Варя взглянула на следователя: что-то сорвалось...
- Но был сигнал и протокол - не хотел он сдаваться.
- Мадам забирает назад свои претензии, она отказывается от дальнейшего расследования.
Яростно глянув на них, следователь хлопнул дверью.
Гости начали расходиться - потрепав ее по плечу, подбадривающее улыбаясь, в номере задержался только Варин сосед.
- Забыл представиться: Владимир - он протянул ей руку, которую хотелось крепко пожать.
- А теперь собирайтесь завтракать, я не хотел бы бросить Вас тут одну. И постарайтесь весь день быть на людях.
Она влетела в ванную, глянула на свои ссадины и ушибы: крестик на тонкой цепочке, который подарил отец, как ни странно, уцелел.
- Я была несправедлива к тебе, Господи!
Старая церковь в Скадовске.
II
Между Австрией и Швейцарией, там, где возвышаются покрытые снегом Альпы, затеряно одно из самых маленьких государств мира - княжество Лихтенштейн.
Ныне процветающие и высокоразвитое, оно в те далекие годы было захолустною вотчиной князей Лихтенштейнских, чья резиденция много веков находилась в Вене.
Долго бы еще пришлось прозябать жителям княжества в нужде и забвении, если бы на заре ХХ века Франц-Иосиф, "народный князь", как окрестили его благодарные подданные, не обратил свой взор на плодородные земли и незавидную участь своих бедных вассалов. С тех пор в старинном замке Вадуц, среди скал и ущелий, находится резиденция князя.

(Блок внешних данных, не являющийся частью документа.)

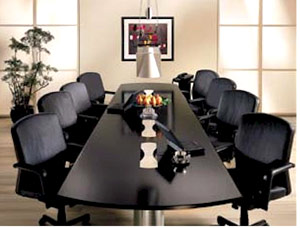 videoconference table with the new wedge shape to facilitate your teleconferencing
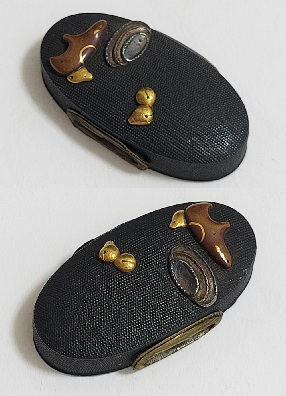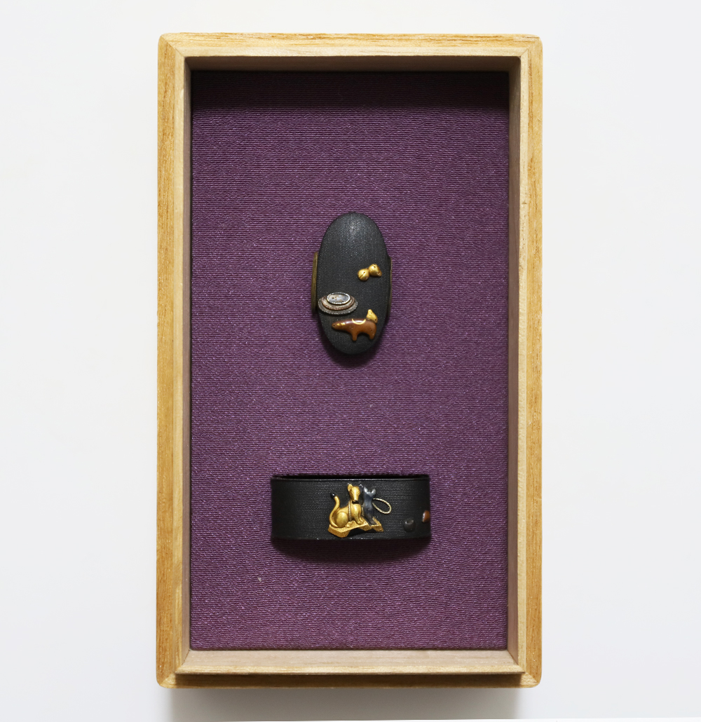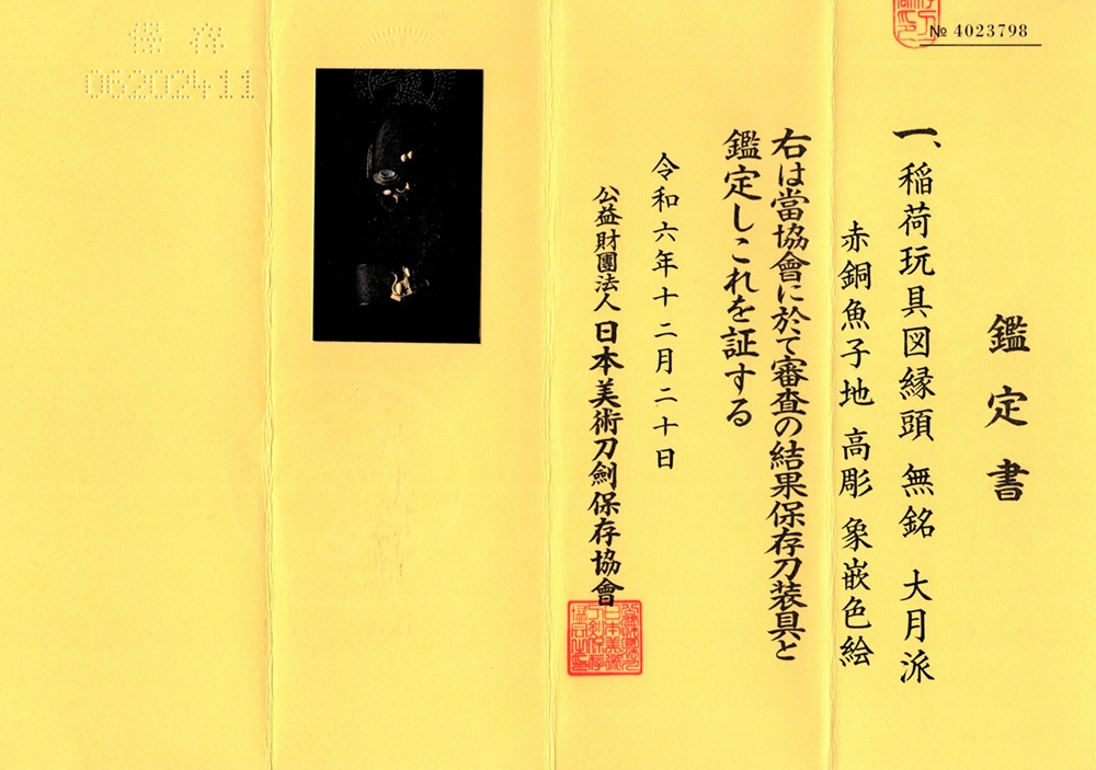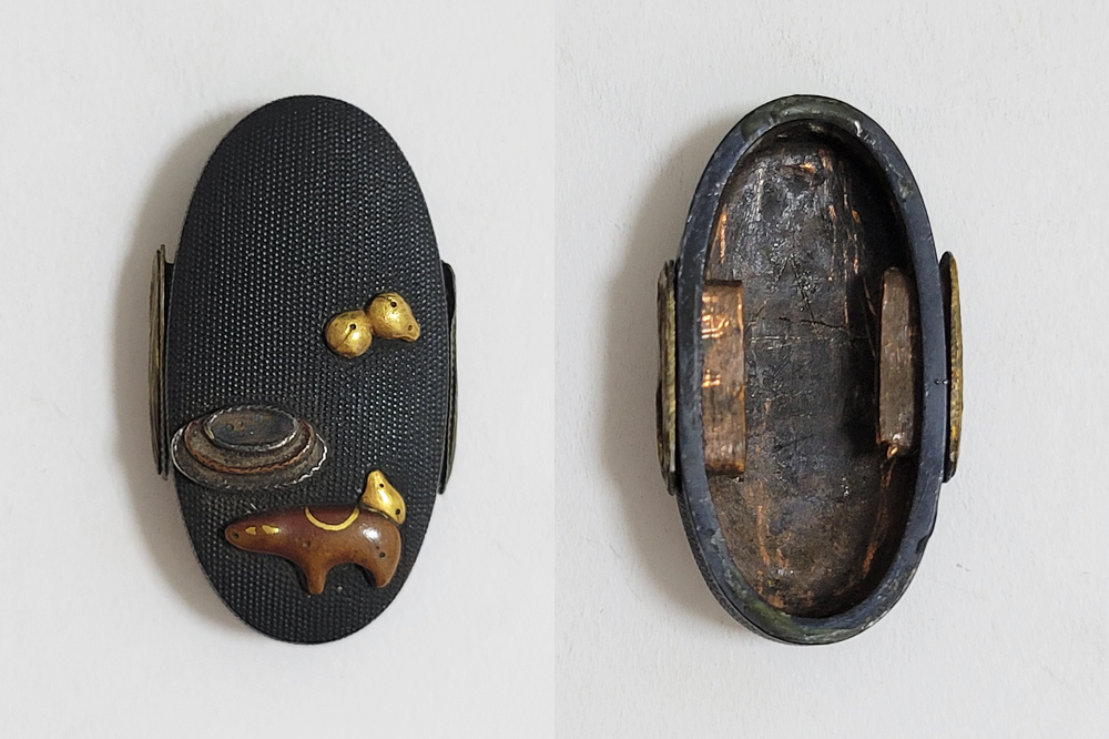 無銘ながら大月派に極められた縁頭。大月派は名工四代大月光興によって大いに隆盛した江戸後期、京都の一門。精巧で堅実な彫法で奇抜、禅味のある作風を遺す。本作は、鉄砲狐、張り子人形、貝合わせ、鈴であろうか。江戸時代の玩具を赤銅魚子地に高彫象嵌色絵であらわす。出来が良い。2024年保存刀装具審査合格。

Темной ночью по дороге к замку шла молодая женщина с мальчиком лет шести.
Приближалась гроза, вспыхивали отдаленные сполохи молний, и раскаты грома отдавались эхом в горах. Сильные порывы ветра рвали на женщине платье, первые капли дождя обжигали лицо. Прижимая к себе ребенка, она упорно шла вперед, хотя силы ее были на исходе.
Позади была дальняя дорога, смерть любимого человека, родина в огне гражданской войны. Огромные голубые глаза женщины светились отчаянием и надеждой...
Каким ветром странствий занесло ее сюда, в этот затерянный край?
В тот миг, когда она постучала в ворота замка, у нее уже не было сил стоять.
Упав на колени, она прошептала по-русски: "Ради бога, дайте приют мне и моему ребенку!"
III
Все могло бы быть именно так: Вера Николаевна Фальц-Фейн попала в Лихтенштейн благодаря странным обстоятельствам судьбы.
После смерти мужа единственной ее опорой в этом мире остался отец, прославленный генерал царской армии Епанчин. Близкое знакомство отца с князем Францем-Иосифом сыграло решающую роль - они получили подданство и приют в Лихтенштейне.
Шло время, Вера Николаевна хранила верность памяти мужа. Вся ее любовь принадлежала сыну Эдуарду, который незаметно превращался из мальчика в подростка.
Этот ребенок был так же не похож на других детей, как экзотический цветок на простенькие милые ромашки - казалось, стоит внимательно присмотреться, и через тонкую бледную кожу можно увидеть текущую по венам голубую кровь.
Он был неприлично красив, а единственным его кумиром был дед, состарившийся, но крепкий, как дерево, воин.
Генерал Епанчин был первым наставником Эдуарда, именно благодаря ему юноша принял православие - "эту удивительно теплую человеческую религию" - как скажет он сам через много лет.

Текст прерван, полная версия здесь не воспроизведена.